Almost all the writers in this new Common Core text are 20th Century writers. Thus, "old thinking" and traditional ways are excluded. In the textbook's 2nd unit, "Fiction," of the 13 authors, only 4 are white. Only one is a white male. However, in 2010, whites made up 72.4% of the population. I'm thrilled that more black, hispanic, and Asian people are writing. I wish them success. I do not think their ethnic background should give them automatic entry into literary history. But from the sheer numbers of black, hispanic, and Asian writers included, and the exclusion of most people white and just about anybody dead, I'm left with the conclusion that the new Common Core has another agenda:  to push out some thinking and foster other thinking. Most of the ethnic writers (I looked them up online and read about them) specialize in racial issues and write about ethnic topics. I'm happy to embrace ethnic writers who deserve to be lionized in literary anthologies because of their talents. (I can think of quite a few who have, and whose writing I love.) I'd prefer writers who would broaden their minds enough to write about more than just their racial experiences. And I'm really sorry to have to end this post on such a sour note. I'm not being unkind. I'm really just noting a significant shift in the contents of your child's literature textbook.
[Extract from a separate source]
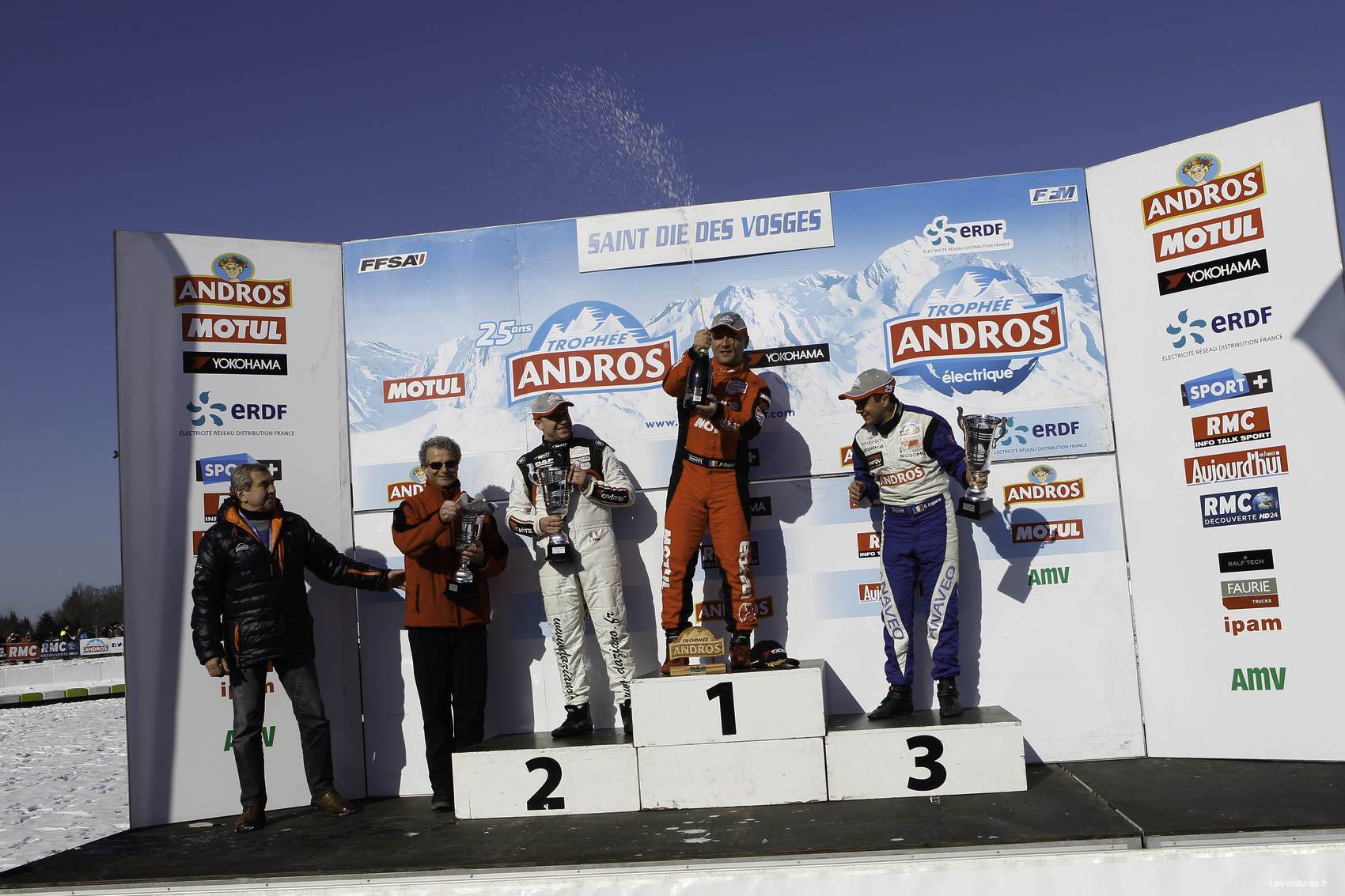 Quant à Jean-Philippe Dayraut, mal placé sur la grille de départ après le relais de son équipier J. Wolff, il plantait sa Mazda3 dans le mur de neige en tentant de dépasser à l’extérieur. Cela ne l’a pas empêché de soulever le trophée sur un beau podium final composé du Toulousain, d’Olivier Panis et de Franck Lagorce.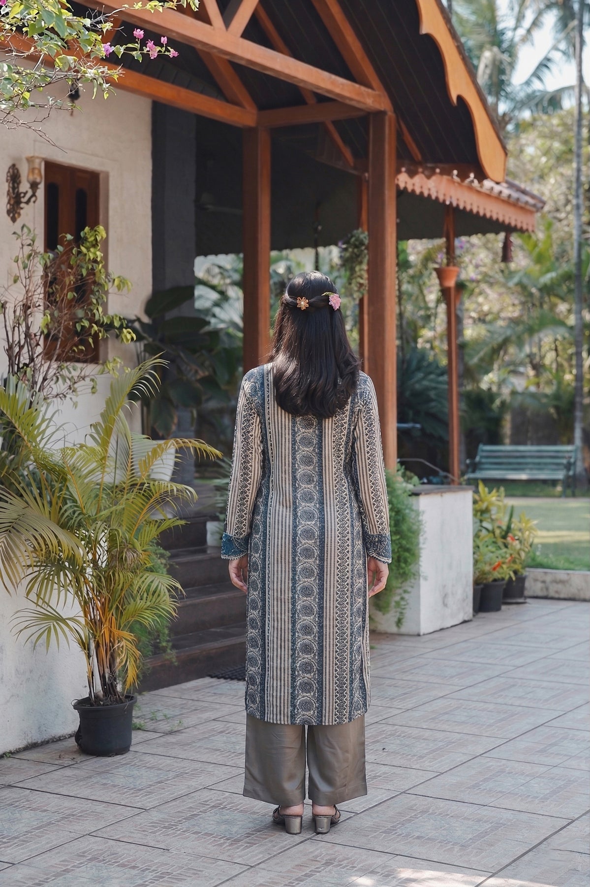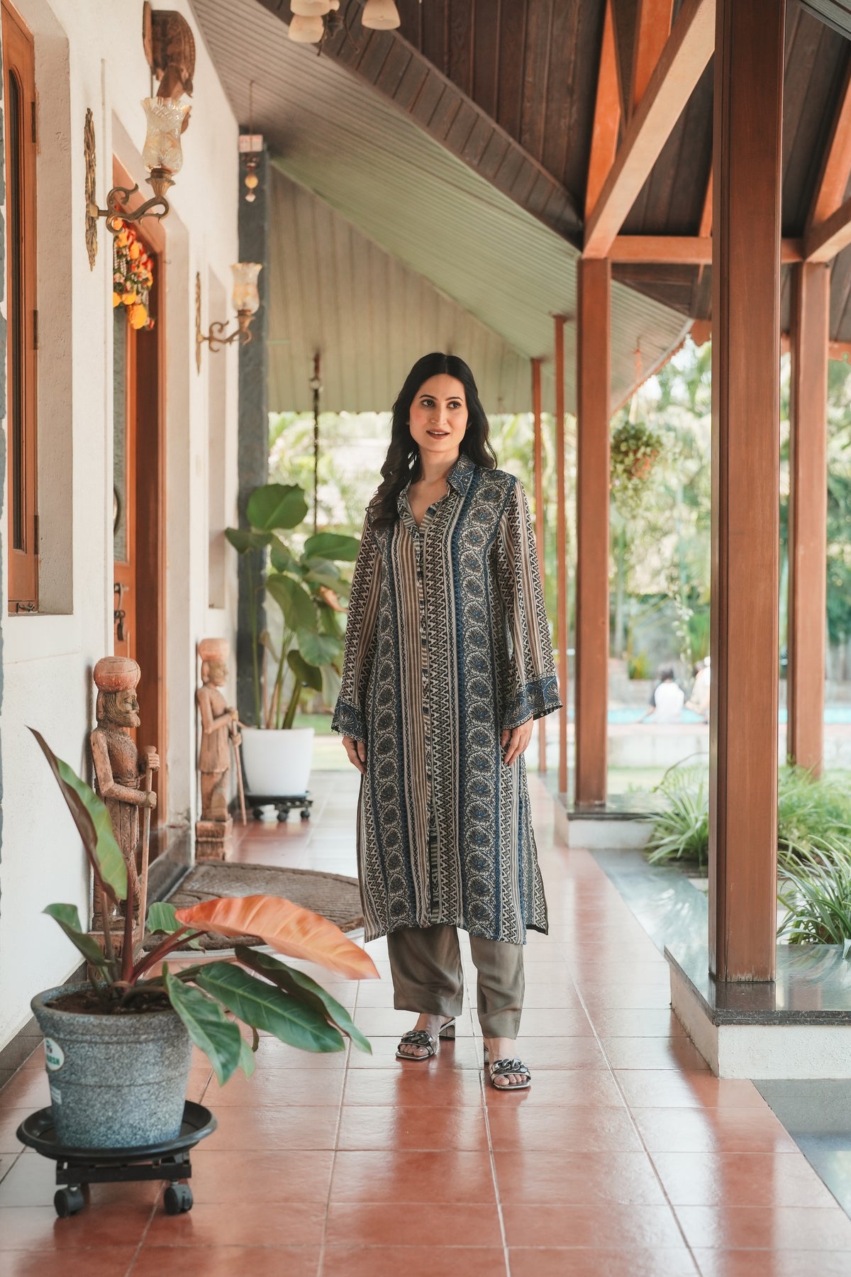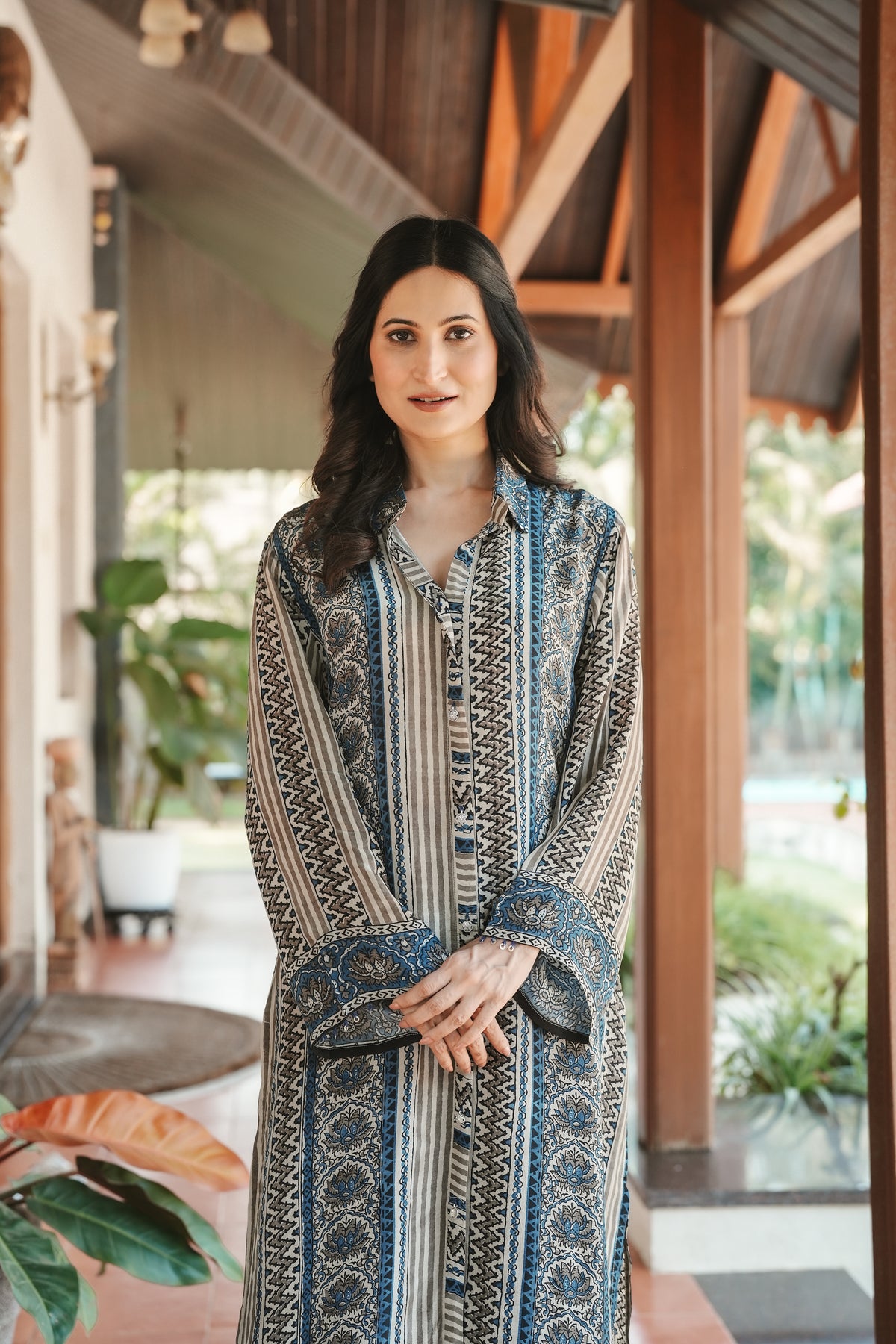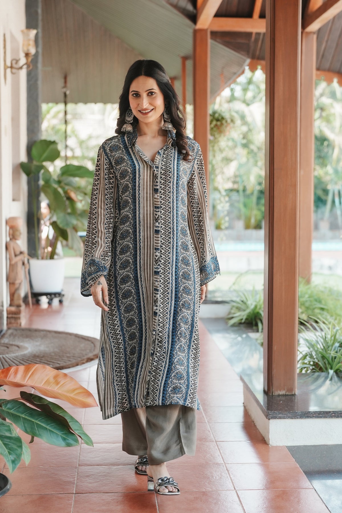 Rooted in the centuries-old Ajrakh craft tradition, this indigo and grey set brings together intricate geometric and paisley patterns in a beautifully layered design. The rich interplay of zigzag, chevron, and medallion motifs creates a striking visual depth that celebrates India's textile heritage.

Content has been removed. Content has been added. Most authors are current and untested. And the teaching objectives have changed. This is only in the field of literature. If you dislike these changes, I suggest homeschooling if you can, or find an excellent Classical school for your child.

(Another article by World on the Common Core)


  1. Yes, Mary Kathryn. Yes yes yes.

    An excellent survey and analysis.


  2. You make a lot of great points. So, so true. Thank you for this insightful post.

  3. I don't mind my new textbook's approach and I don't find the Common Core offensive. Education is often in flux, but I think the intent is for the good of all learners. There are so many wonderful pieces to read, past, present, and yet to come. I believe kids are blessed when their teachers and parents expose them to classical literature and I also believe that not all teachers inspire readers when they teach great works.
    We just read a beautiful story by Jane Yolen called "The Greyling". The students were mesmerized. I have a new book by Jim Burke that helps decode the standards and I feel good about the challenge.

  4. Very interesting! I know that there is uproar about the Common Core, but haven't heard much about why. I think that part of the problem is that schools and homes are locked in a viscous cycle. Schools used to focus on academics (plus morals) and left everything else to the home. As increasingly-broken homes failed to teach certain things, people worried about society, and schools tried to pick up the slack. As a result, some parents skipped even more life-teaching (that's what school is for, right?), and so the schools had to pick up more slack...

    Now, everything that a student needs for success in life "must" be taught in schools because many parents don't/can't teach those things. Students need to know how to handle written documents like cell phone manuals, so they show up in Language Arts. Once schools are places where you learn Life Skills, there isn't much time for frills like Literature.

  5. Lots of truth, Anna. And I think that's why parents are pulling their kids out of the public system -- a system where literature study is now a "frill." I'm sure it varies from school to school, teacher to teacher. But that's one of my gripes about the CC -- the entire goal is to ensure there is NO difference from school to school, teacher to teacher. Bleh - no thanks!